I don't know what you are looking for but I would get a used one for a third of even the 2k they are asking. this spring and summer you should be able to find some good deals from people who are moving or upgrading.

a little patience will pay big dividends.


----------



## tabora (Mar 1, 2017)

contender said:


> The serial number is SBJJ-XXXXXXX Did Honda ship HS724s badged as HSS724? I see SZBE FOR HS724s AND SABA FOR HSS724s...


You are correct: current model HSS724s have the model prefix SABA and US model HS724s have the prefix SZBE. I believe that SA=USA and SZ=Japan as a manufacturing location.

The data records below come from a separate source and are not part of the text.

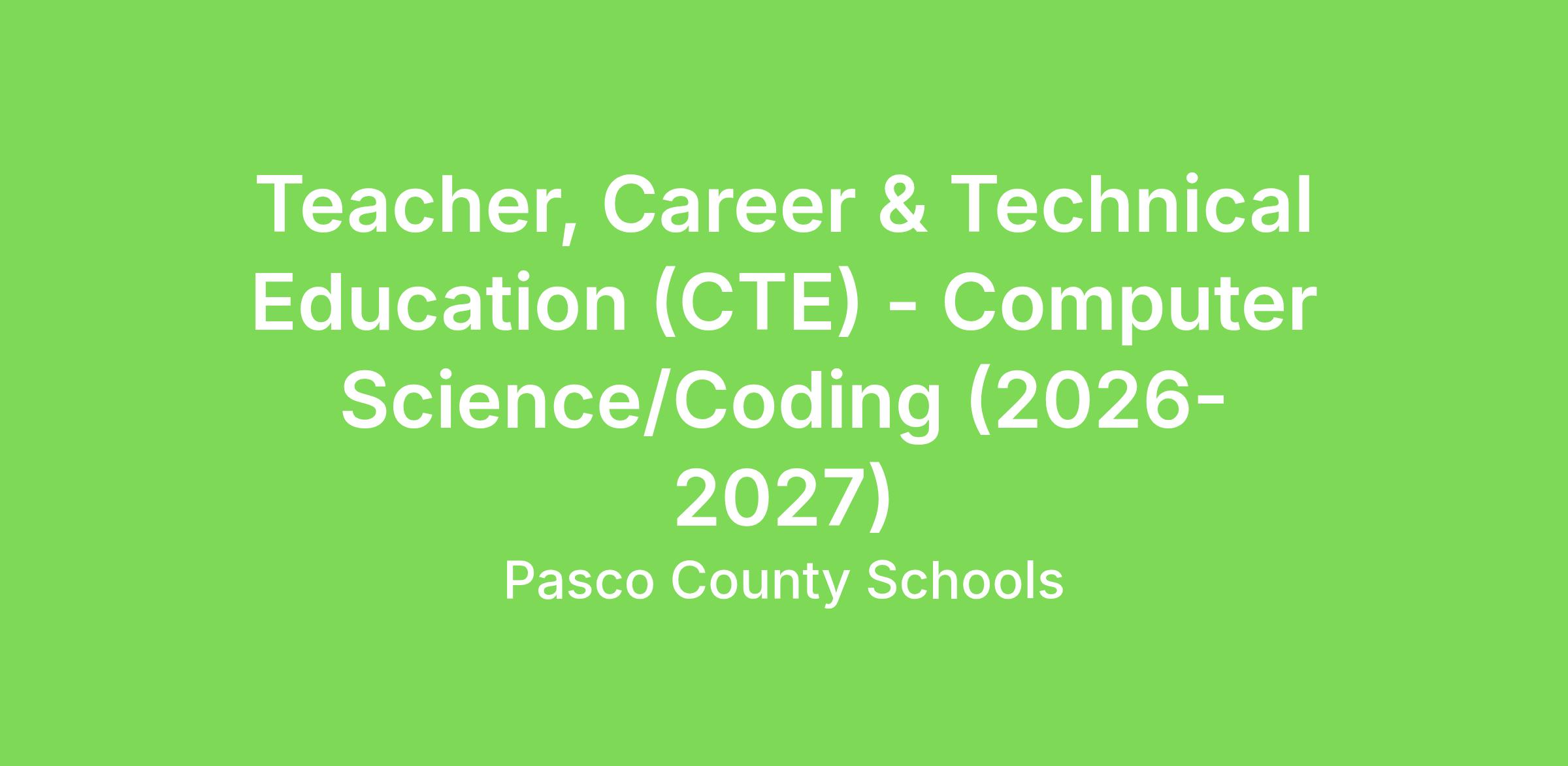 Teacher, Career & Technical Education (CTE) - Computer Science/Coding (2026-2027)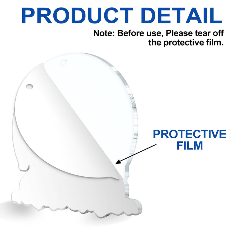 • Our Acrylic Ornament is covered with a protective film to prevent scratches and dust. Simply, remove the film and your product will be ready to display.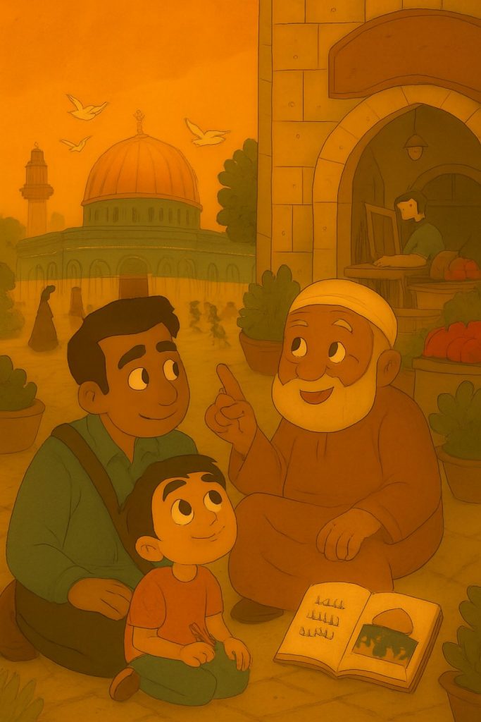 واصل سليم السير مع والده بين الأزقة حتى وصلا إلى ساحة واسعة يغمرها نور العصر. هناك، وقف سليم مبهورًا، وقد اتسعت عيناه دهشة، وأمامه استقرّ المسجد الأقصى بكلّ جماله.

This one must have been manufactured in a different plant for a different market. I think this is probably the transitional model sold in Canada in between the HS724s and the US built HSS724s, which had some features of each. Here is a link to another forum discussion re: the SBJJ model: http://www.snowblowerforum.com/forum/1424058-post14.html

I have also run across this a few times with imported equipment, where leftover models were shipped into a different market for clearance, or an owner moved to a different market.


----------



## contender (Jan 18, 2018)

orangputeh- In Ontario, most used HS724, regardless of loaded or not don't stay on the floor for very long at this price and this one looks pretty good, I see you guys down south of the border grabbing used stuff for $100.00 to $200.00 or less if not free, but not here in Ontario.


tabora- Yes that's what I am thinking as well, tomorrow I plan to check at my Honda dealer with the serial # and will try to report back here with a update.


----------



## YSHSfan (Jun 25, 2014)

It is an japan built 'HSS724' (it does not have all the bells and whistles I've seen on the Canadian HSS series like power chute and turn key start only shock adjustment auger housing height adjustment). 
Not to be confused with the later US built HSS724AT/ATD

I think is is basically like a US market HS724K1TA with the only exception of the shock height adjustment vs the foot pedal type on the US HS series.


----------



## orangputeh (Nov 24, 2016)

contender said:


> orangputeh- In Ontario, most used HS724, regardless of loaded or not don't stay on the floor for very long at this price and this one looks pretty good, I see you guys down south of the border grabbing used stuff for $100.00 to $200.00 or less if not free, but not here in Ontario.
> 
> 
> tabora- Yes that's what I am thinking as well, tomorrow I plan to check at my Honda dealer with the serial # and will try to report back here with a update.


i'll bring one up to you for some beer and a couch to stay on for a week or so. haven't been to Canada since the world's fair in Vancouver around 1985 if i remember correctly.

where's Ontario , anyway.? :wink2:


----------



## contender (Jan 18, 2018)

Expo, in Vancouver, I believe was 1986, Expo in Montreal, was 1967, attended both for a quick walk about. I prefer to spend my time in a bush somewhere, compared to a crowd of people.


Ontario, is approx. the middle of Canada and borders a portion of all the Great Lakes, except Lake Michigan. Ontario is the 2nd largest Province, at approx. 680,000 sq miles, Quebec, being the largest at 960,000 sq miles, compared to Alaska at 663,000 sq miles and Texas at 270,000. Back in the 70's I used to spend some time in Dallas and I won a few beers, on the fact that Ontario was bigger than Texas. My intentions are not to offend anyone, but probably not to many snow blowers in Texas. However I have found difficult snow mobile parts in Florida, go figure.


I live approx. 60 miles by crow, from Niagara Falls.


Here is a link, I found for some comparisons... Trust this helps.


https://roadsidethoughts.com/ranked-by-area.htm


----------